When I wanted to be like someone else, who I was could never be enough.
"Why can't I be more like ____?" - a person who is NOTHING like me, has different natural skills and abilities than I do and is an unfair expectation of who I "should" be.
When trying to be someone I wasn't didn't work out, I felt like a waste of air and space, as if the world and everyone I knew would be better off without me (which wasn't true). Healing is a process. This shame monster still creeps in occasionally, telling me horrible untrue things about myself.
This shame can lead people to dark places, especially if combined with feelings of loss, grief, or hopelessness. Additionally, shame can isolate people (because shame makes us hide).
We need to find people who will love and appreciate us for who we are - our quirks, strengths, weaknesses, and struggles, NOT despite them.
When we tone ourselves down and make ourselves palatable, it can open doors to us (especially in the professional world). Still, the doors often lead to lonely, unfulfilling places (if we have to leave parts of ourselves behind to pass through those doors).
Since many of us have been told (over and over again) that we're an inconvenience or an annoyance to other people, we learn that there are parts of ourselves that are "unacceptable" in public or around others (so we hide them).
Some of us hide by camouflaging our NeuroDivergent traits, repressing and holding them in until we're alone or nobody's looking. Others, who cannot conceal through camouflaging, will often hide in other ways (retracting in on themselves, shutting the world out, and keeping to themselves to avoid ridicule and abuse).
For most of my life, I was a high-camouflaging NeuroDivergen Person. I knew what parts of myself drew the wrong kind of attention and did everything I could to conceal those "undesirable" parts, but then, as the weight of hiding began to wear on me, my ability to suppress my NeuroDivergence started to waiver.

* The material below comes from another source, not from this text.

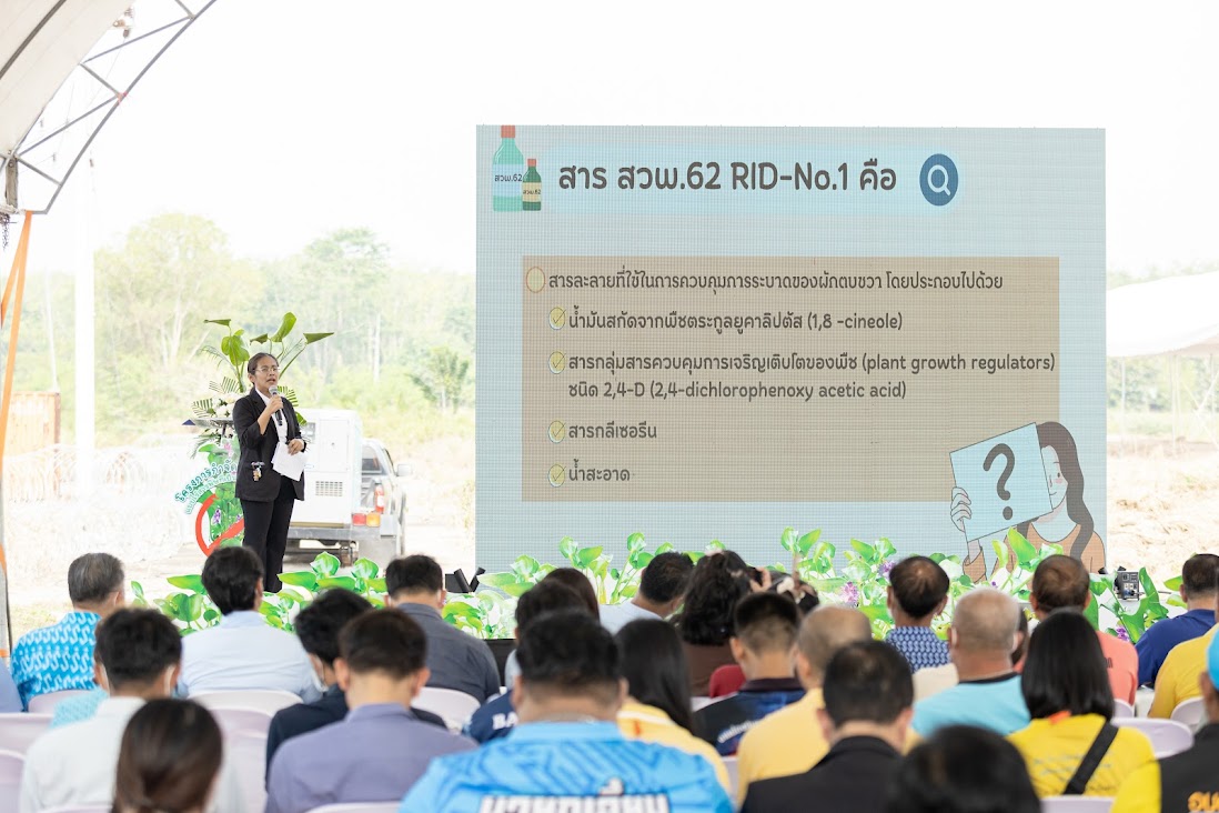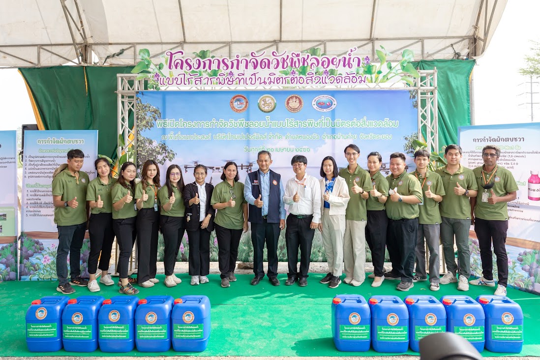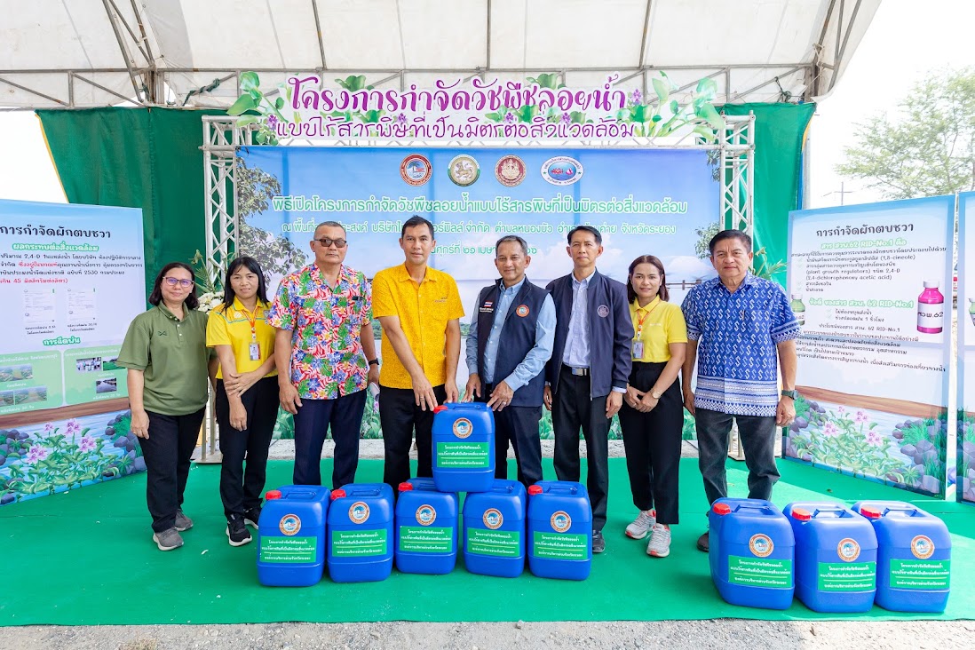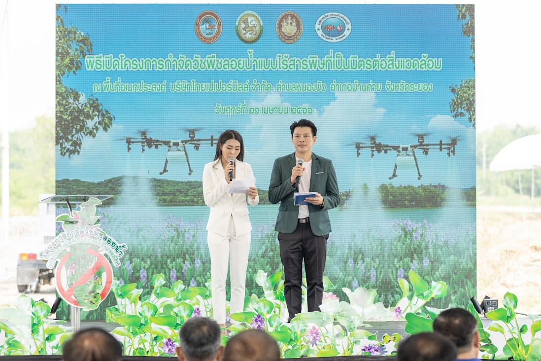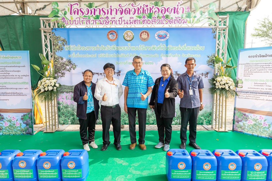 จังหวัดระยองโดยสำนักงานส่งเสริมการปกครองท้องถิ่นจังหวัดระยอง สำนักงานโยธาธิการและผังเมืองจังหวัดระยอง โครงการชลประทานระยอง และองค์การบริหารส่วนจังหวัดระยอง ร่วมมือกันจัดทำโครงการกำจัดวัชพืชลอยน้ำแบบไร้สารพิษที่เป็นมิตรต่อสิ่งแวดล้อม (zero floating weeds) โดยการอบรมให้ความรู้การใช้สารสูตรสวพ. 62-RID No.1 ที่คิดค้นโดยสำนักวิจัยและพัฒนา กรมชลประทาน ซึ่งสารดังกล่าวสามารถแก้ไขปัญหาการแพร่ระบาดของผักตบชวาได้อย่างมีประสิทธิภาพ ปราศจากกากตะกอนหลงเหลือ ไม่มีกลิ่น และปลอดภัยต่อสภาพแวดล้อม เพื่อเป็นการดูแลและฟื้นฟูแหล่งน้ำจืดในพื้นที่จังหวัดระยองให้มีความอุดมสมบูรณ์ อย่างยั่งยืน อันเป็นการบูรณาการความร่วมมือจากหน่วยงานรัฐ องค์กรปกครองส่วนท้องถิ่น และประชาชน ร่วมกันกำจัดวัชพืชลอยน้ำในแหล่งน้ำ ในพื้นที่จังหวัดระยอง ซึ่งจะช่วยปลูกฝังจิตสำนึกในการดูแลรักษาแหล่งน้ำจืด ให้แก่ประชาชน และสามารถฟื้นคืนความอุดมสมบูรณ์ของทรัพยากรน้ำต่อไป โดยได้มีการจัดทำโครงการ โดยการบรรยายความเป็นมาของสารละลาย สวพ.62-RID No.1 และสาธิตวิธีการพ่นสารละลาย สวพ.62-RID No.1 โดยอากาศยานไร้คนขับ ในวันที่ 21 เมษายน ณ พื้นที่ลานอเนกประสงค์ บริษัท ไทยเปเปอร์มิลล์ จำกัด ตำบลหนองบัว อำเภอบ้านค่าย จังหวัดระยองน 2566 เวลา 08.30 - 12.00

At my camouflaging peak, right before the fall (when I was closest to NeuroTypical ideals of success, the office job with great perks, a car, and a mortgage), everyone around me kept telling me they were "proud of me" because I'd accomplished "so much," and had a "real job" and a "real house."
I'd finally met the expectations of those around me, but I'd never felt more isolated or miserable. "Feeling alone in a room full of people" - is a phrase I know the meaning of intimately.
The people I'd surrounded myself with (before my late Autistic discovery) didn't like me (because they didn't know me). After all, I'd never felt safe enough around them to let them get to know me because I worried they'd reject me for being my authentic Autistic ADHD (AuDHD) self.
Unfortunately, I would later learn my suspicions had been correct.
When I became burned out and was unable to continue camouflaging my NeuroDivergence, those people (who only knew and benefitted from the camouflaged people-pleasing version of myself) were unwilling to be patient with me, offer support, or stick around when my struggles became visible. Because I'd built a network of fair-weather acquaintances (and not true friends), they all left when the sky turned grey.
Losing my ability to camouflage (a skill that kept me safe for most of my life) was scary but also eye-opening. It taught me a painful lesson about the world and its people.
When I was camouflaging my NeuroDivergence, I had a large circle of acquaintances, NOT true friends.
Not knowing myself meant not knowing how to make meaningful connections with people. Most people in my circle back then didn't know or care about me but instead cared about what I could do for them.
When I could no longer do for others (and needed people to help me), I quickly found out who (and how few) my real friends were.
Out of my large circle of people who knew the NeuroTypical emulation of me, I trusted less than five of them, and only 2 or 3 of those people (who I'd let my guard down around) were people I KNEW I could call in a crisis or if I ever needed help.
This painful lesson was quality over quantity and that people who need me to be someone or something I'm not aren't worth my time (because fair-weather acquaintances won't be there when I need them if things get bad).